TASK BRIEF ::
Copy exactly the stretch of data below from the line with "PRO SESTO-PRO PALAZZOLO: 1-0" through the line with "Osmanlı Sonu –", including both of those lines.

DATA PROVIDED ::
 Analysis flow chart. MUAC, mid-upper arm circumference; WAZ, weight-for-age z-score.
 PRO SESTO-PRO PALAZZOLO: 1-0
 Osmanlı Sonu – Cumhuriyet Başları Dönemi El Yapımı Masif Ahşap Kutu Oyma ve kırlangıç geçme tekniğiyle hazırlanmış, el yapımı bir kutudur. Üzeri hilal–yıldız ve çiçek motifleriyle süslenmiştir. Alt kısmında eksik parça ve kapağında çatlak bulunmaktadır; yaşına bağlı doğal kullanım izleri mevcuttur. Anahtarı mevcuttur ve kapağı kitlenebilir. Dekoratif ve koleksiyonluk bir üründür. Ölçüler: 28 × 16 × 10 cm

* * *

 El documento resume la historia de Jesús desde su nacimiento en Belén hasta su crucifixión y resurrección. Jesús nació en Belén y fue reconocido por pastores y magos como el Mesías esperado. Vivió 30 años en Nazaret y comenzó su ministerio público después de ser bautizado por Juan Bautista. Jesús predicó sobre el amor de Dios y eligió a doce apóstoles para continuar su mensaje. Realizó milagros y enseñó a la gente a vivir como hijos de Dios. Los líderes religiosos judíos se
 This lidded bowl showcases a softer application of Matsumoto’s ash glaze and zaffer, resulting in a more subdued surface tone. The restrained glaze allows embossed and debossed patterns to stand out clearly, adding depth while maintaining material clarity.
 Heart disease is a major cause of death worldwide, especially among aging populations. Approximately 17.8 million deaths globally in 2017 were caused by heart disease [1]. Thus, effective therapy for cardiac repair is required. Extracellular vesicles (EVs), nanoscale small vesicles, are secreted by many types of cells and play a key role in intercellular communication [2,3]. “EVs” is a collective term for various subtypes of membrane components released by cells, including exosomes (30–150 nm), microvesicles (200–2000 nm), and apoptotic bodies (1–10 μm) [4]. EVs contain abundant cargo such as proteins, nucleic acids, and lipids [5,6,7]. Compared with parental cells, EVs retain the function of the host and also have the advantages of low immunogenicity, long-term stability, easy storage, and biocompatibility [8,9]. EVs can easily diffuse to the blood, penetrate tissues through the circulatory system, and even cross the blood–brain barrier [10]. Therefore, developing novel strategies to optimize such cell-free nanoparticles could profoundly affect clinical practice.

REPLY TO THE TASK ::
 PRO SESTO-PRO PALAZZOLO: 1-0
 Osmanlı Sonu – Cumhuriyet Başları Dönemi El Yapımı Masif Ahşap Kutu Oyma ve kırlangıç geçme tekniğiyle hazırlanmış, el yapımı bir kutudur. Üzeri hilal–yıldız ve çiçek motifleriyle süslenmiştir. Alt kısmında eksik parça ve kapağında çatlak bulunmaktadır; yaşına bağlı doğal kullanım izleri mevcuttur. Anahtarı mevcuttur ve kapağı kitlenebilir. Dekoratif ve koleksiyonluk bir üründür. Ölçüler: 28 × 16 × 10 cm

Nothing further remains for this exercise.